“Bitcoin” made its debut in 2009, with its creation credited to a pseudonymous coder known as Satoshi Nakamoto. Unlike most currencies, Bitcoin does not involve any bank or third parties. The coins are created by users who “mine” them by lending computing power to verify other users’ transactions and are then rewarded in Bitcoins. Amid much controversy over size and scale, Bitcoin split off in two directions recently, forming a new branch of currency called “Bitcoin Cash”.
Why the Split?
For years, a so-called “scaling debate” had been going on within the Bitcoin community. Bitcoin’s existing technology was struggling to cope with the surge in popularity, that has seen its price jump from about $580 in 2016 to over $4,000 now.
In fact, there is a big backlog of transactions on the Bitcoin blockchain i.e. the technology that underpins the cryptocurrency. Only 1 megabyte of transactions could be processed at one time, thus leading to delays. Many alternative solutions were proposed for resolving the scaling situation and rejected. SegWit2x, short for segregated witness, involved moving some of the data outside the main Bitcoin network to increase its capacity and is likely to increase the size of Bitcoin blocks to 2 megabytes. However, some miners were unhappy with the proposal and it ultimately resulted in a fork.
The Birth of Bitcoin Cash
On 1st August 2017, a user activated hard fork took place and Bitcoin Cash was created. The new digital currency has swung dramatically in price in the initial few days. On 4th August, Bitcoin Cash plunged 30% to below $300, and has recovered since the middle of August to reach a level of $755.

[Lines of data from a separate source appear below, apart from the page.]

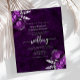Cette élégante invitation de mariage présente des bouquets floraux prune mis en valeur avec un feuillage en faux foil argenté dans deux coins, sur une image de fond d'agate aquarelle violette. Le texte gris argent personnalisable combine des polices serif, italique et manuscrites. Le verso présente un design floral et agate violet et argent assorti.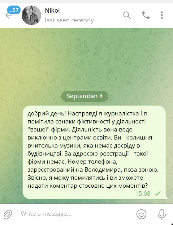Журналістка під виглядом представниці компанії, яка хоче залучити «Тріумфф-Буд» в якості виконавця капітального ремонту, написала власниці фірми Вікторії Сластьоновій-Марченко на особистий номер в Telegram та запитала прайс на послуги. В месенджері директорка компанії підписана як Ніколь – як пам’ятаємо, в анонсі вокального майстер-класу її представили саме як Вікторію-Ніколь. На те, що йдеться про одну й ту саму людину, вказують опубліковані фото та повідомлення в різних групах, які вище вже публікувались.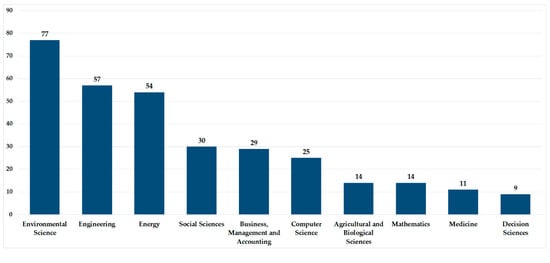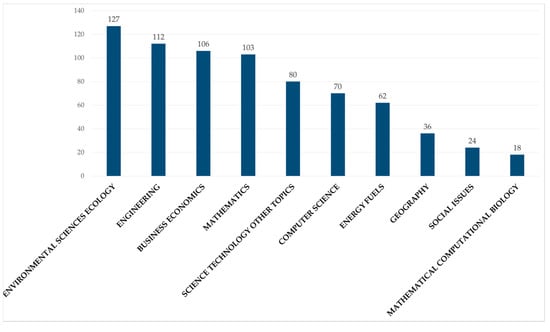 Table 3 shows the domains and topics probed into in each of the publications; the findings demonstrated that “sustainability assessment” was the sub-topic that was more explored through GST than other topics; 19 publications, out of the 40 ones selected, utilized GST-based methods for “sustainability assessment.” Meanwhile, 13 publications used GST to look into “industrial sustainability”; “urban sustainability” and “energy sustainability” as the areas that more frequently relied on GST than the other areas. Moreover, the top-10 areas most frequently addressed on Scopus were as follows in order of importance: environmental science, engineering, energy, social sciences, business, management and accounting, computer science, agricultural and biological sciences, mathematics, medicine, decision sciences. The frequency of each of these areas is shown in Figure 3.

Meanwhile, the original cryptocurrency held up well against its offshoot rival during the volatile early August period.
The Segwit Lock-in
Segwit was officially locked-into the blockchain on 8th August 2017. This now sets the timeline for implementation of the SegWit2x, which will be triggered about three months after the SegWit activation. On 8th August, Bitcoin surpassed the $3,500 mark for the first time, hitting a fresh record high as uncertainty over the future of the cryptocurrency subsided. The new technology will free up space for more transactions to take place on the blockchain.
What does the future of Bitcoin look like?
The new strategy to optimise transactions per chain size will facilitate the trading of more Bitcoins on the current infrastructure. The Bitcoin community has lauded this move as a big step in the cryptocurrency world. Moreover, as regulators start sounding positive about Bitcoins and with more institutional investors now considering allocation of funds to Bitcoin, going ahead, the popularity of Bitcoin is likely to increase. For instance, in Switzerland, the financial market regulator has given approval to Zurich-based Falcon Private Bank on managing assets based on the blockchain technology behind Bitcoin and other digital currencies. Separately, the Chicago Board Options Exchange has revealed its plan to offer Bitcoin futures by early next year and the US Commodity Futures Trading Commission has approved a digital currency trading firm called LedgerX to clear derivatives. However, we cannot turn a blind eye to the challenges the cryptocurrency market faces. For instance, its use is limited currently to a small group of merchants at present and the value of bitcoin keeps fluctuating sharply. Moreover, the anonymity in exchanging such virtual currencies magnify the risk associated with laundering and counterfeiting. It is also important to note that like everything else in the crypto universe, no one knows what’s about to happen next!